• _Problem to solve_: All that should come back is the lines of the data below from the one containing "Metallica - Fade To Black (Live at The VH1)" to the one containing "Longmont site of AGC Biologics in the U.S.", inclusive, exactly as they stand.

Items from a data source:

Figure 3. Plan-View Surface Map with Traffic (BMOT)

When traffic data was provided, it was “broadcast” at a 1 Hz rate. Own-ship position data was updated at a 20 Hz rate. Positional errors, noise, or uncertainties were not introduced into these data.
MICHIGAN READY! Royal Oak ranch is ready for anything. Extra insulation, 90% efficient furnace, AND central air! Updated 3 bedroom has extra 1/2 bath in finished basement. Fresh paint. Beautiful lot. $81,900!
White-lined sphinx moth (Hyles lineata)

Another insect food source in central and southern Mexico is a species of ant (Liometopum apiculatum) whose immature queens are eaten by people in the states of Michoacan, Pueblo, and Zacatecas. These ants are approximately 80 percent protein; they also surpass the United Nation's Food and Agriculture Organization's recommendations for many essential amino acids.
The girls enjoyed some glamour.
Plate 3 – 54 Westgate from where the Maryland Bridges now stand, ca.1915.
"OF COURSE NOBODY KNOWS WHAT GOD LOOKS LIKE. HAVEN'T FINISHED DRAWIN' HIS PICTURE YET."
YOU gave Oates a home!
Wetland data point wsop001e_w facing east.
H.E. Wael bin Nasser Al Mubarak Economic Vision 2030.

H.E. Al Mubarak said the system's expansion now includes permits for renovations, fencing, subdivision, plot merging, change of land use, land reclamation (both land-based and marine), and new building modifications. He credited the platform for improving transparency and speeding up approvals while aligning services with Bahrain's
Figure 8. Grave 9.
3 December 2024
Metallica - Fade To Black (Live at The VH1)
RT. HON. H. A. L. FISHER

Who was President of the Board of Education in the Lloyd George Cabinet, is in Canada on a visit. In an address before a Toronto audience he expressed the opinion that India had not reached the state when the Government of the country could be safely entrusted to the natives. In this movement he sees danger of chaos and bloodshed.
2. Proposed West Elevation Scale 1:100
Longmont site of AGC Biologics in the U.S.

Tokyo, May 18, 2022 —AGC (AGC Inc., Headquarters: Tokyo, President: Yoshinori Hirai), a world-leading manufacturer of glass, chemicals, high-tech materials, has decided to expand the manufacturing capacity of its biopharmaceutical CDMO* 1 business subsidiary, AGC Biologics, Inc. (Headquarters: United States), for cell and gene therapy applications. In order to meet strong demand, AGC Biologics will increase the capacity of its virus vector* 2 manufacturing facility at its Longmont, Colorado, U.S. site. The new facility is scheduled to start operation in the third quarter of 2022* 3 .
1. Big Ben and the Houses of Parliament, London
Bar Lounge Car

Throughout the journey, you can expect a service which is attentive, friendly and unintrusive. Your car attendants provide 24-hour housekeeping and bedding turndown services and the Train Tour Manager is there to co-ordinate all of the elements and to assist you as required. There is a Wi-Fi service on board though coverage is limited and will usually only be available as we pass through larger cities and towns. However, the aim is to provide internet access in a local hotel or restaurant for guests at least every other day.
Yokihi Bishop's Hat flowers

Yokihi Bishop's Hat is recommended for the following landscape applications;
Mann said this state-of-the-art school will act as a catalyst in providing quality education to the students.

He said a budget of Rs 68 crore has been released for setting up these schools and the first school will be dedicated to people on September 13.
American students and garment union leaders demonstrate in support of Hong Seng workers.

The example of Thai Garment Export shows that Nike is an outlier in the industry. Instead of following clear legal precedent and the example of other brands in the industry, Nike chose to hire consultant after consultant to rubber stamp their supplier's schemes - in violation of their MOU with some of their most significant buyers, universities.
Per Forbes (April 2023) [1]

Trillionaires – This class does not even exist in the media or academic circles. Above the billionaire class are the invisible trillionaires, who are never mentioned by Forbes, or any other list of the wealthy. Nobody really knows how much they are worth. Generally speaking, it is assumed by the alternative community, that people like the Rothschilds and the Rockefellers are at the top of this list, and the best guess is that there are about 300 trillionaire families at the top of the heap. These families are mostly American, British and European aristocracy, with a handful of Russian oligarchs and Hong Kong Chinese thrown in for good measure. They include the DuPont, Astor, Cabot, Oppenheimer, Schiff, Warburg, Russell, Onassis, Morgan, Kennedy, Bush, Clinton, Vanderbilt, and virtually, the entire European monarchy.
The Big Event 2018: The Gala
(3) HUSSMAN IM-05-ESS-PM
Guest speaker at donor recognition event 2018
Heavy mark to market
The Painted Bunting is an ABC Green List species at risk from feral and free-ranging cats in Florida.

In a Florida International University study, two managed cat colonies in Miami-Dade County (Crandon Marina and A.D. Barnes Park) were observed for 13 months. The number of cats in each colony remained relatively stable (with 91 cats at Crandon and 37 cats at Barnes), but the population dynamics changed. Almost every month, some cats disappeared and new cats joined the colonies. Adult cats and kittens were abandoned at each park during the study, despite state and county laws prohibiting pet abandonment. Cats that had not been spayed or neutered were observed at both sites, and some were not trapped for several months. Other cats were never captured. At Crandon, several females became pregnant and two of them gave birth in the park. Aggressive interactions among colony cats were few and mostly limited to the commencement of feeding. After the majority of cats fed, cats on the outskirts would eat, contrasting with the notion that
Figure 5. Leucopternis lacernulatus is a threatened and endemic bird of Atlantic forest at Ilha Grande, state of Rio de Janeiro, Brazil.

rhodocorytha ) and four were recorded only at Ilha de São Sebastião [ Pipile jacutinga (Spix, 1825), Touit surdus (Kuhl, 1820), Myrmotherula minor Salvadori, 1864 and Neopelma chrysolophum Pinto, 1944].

• _Result_:
Metallica - Fade To Black (Live at The VH1)
RT. HON. H. A. L. FISHER

Who was President of the Board of Education in the Lloyd George Cabinet, is in Canada on a visit. In an address before a Toronto audience he expressed the opinion that India had not reached the state when the Government of the country could be safely entrusted to the natives. In this movement he sees danger of chaos and bloodshed.
2. Proposed West Elevation Scale 1:100
Longmont site of AGC Biologics in the U.S.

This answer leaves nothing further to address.